Hi Si,
Sorry, I hope you don't mind me digging this one out again!
simoan wrote:I don't really see the point of bonds unless you're retired and need the certainty of income. So what are you trying to achieve by holding bonds? My understanding is that both of you are working and some way from "celebrating" your 50th birthdays? So why do you need the income?
Well, first off, you'll probably be pleased to hear that we did sell off 2k of our bonds a couple of months ago. They were undated ones, probably a mistake on our part... Anyway, amazingly with the accrued interest and coupon received, we only lost about £8 in value. Then we used the reclaimed capital to go toward acquiring more shares (Renishaw and Victrex IIRC).

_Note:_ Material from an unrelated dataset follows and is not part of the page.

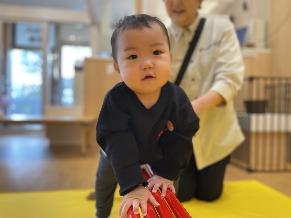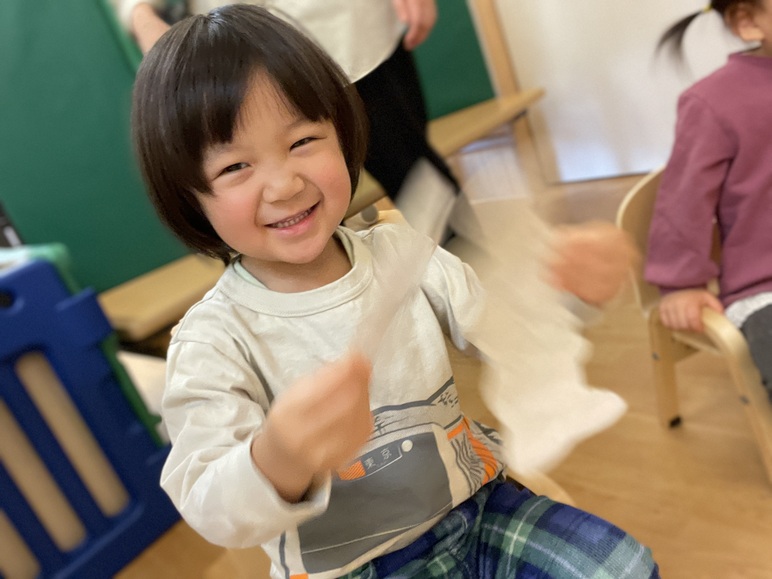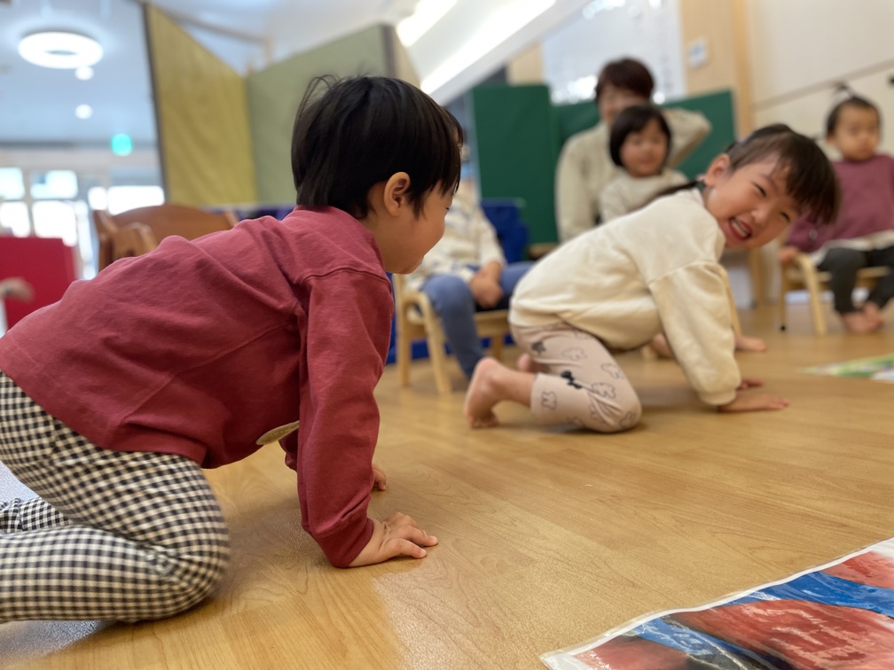 - 0歳児さんは音や抑揚、目と目の合わせ方を楽しむところから。先生が「コツン」と指先タッチで合図すると、にっこり笑って手を伸ばし、ハイタッチ。言葉の理解だけでなく、人と通じ合う楽しさを感じる時間になりました。

But what I wanted to ask you is what do you do when the UK equity markets are looking expensive? Do you still not consider bonds, which could, maybe earn some useful interest while the yields on shares are lower? Or just stay in cash? Or not try to "time the market", and continue buying equity but try to be more cautious? etc. etc.
The reason I'm thinking such things, and why I wanted to pose the question to you (and anyone else), is because it's now been just over a year that me and Mel have been investing, and so we've witnessed some, admittedly quite small in historic terms, market movements. From March 2018 to May 2018, the FTSE100 moved from about 7000 to 7800ish, then slowly descended to about 6500ish in December. From that point on it is slowly rising again. Over this time period our investing went like this, basically we were fairly gung-ho from March to September, and with only Mel's ISA and a fair lump of cash savings to burn, we had almost run out of the ISA allowance by September. We then watched from September to November most of the shares we'd bought in this admittedly gung-ho fashion gradually fall in value.

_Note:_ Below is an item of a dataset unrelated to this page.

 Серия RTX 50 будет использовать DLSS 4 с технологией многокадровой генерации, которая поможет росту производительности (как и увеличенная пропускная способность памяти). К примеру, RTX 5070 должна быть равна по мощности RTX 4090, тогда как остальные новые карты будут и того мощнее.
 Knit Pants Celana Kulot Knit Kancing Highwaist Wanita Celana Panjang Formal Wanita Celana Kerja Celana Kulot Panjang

It wasn't until November that I got news of a decent bonus and decided (since the FTSEs were looking very cheap, by M&M standards!) to open a separate ISA in my name. And I basically piled in from then until February, when I started to slow down, mainly since I like to have some "rainy day" cash.
So now, as the FTSEs is rising again quite a few of the shares we bought "in the dip" e.g. DGE, GAW, SPX, BXVP are looking very pricey. So each month i.e. after pay day, it looks harder to buy really good firms at reasonable prices. Yes, I appreciate that does "stand to reason". So since I'm trying to a little more shrewd than our gung-ho first year, I'm wondering on the sensible course of action for investing if the market continues to rise.
Sorry to waffle on a bit. Interested on what your actions are "when equity gets pricier".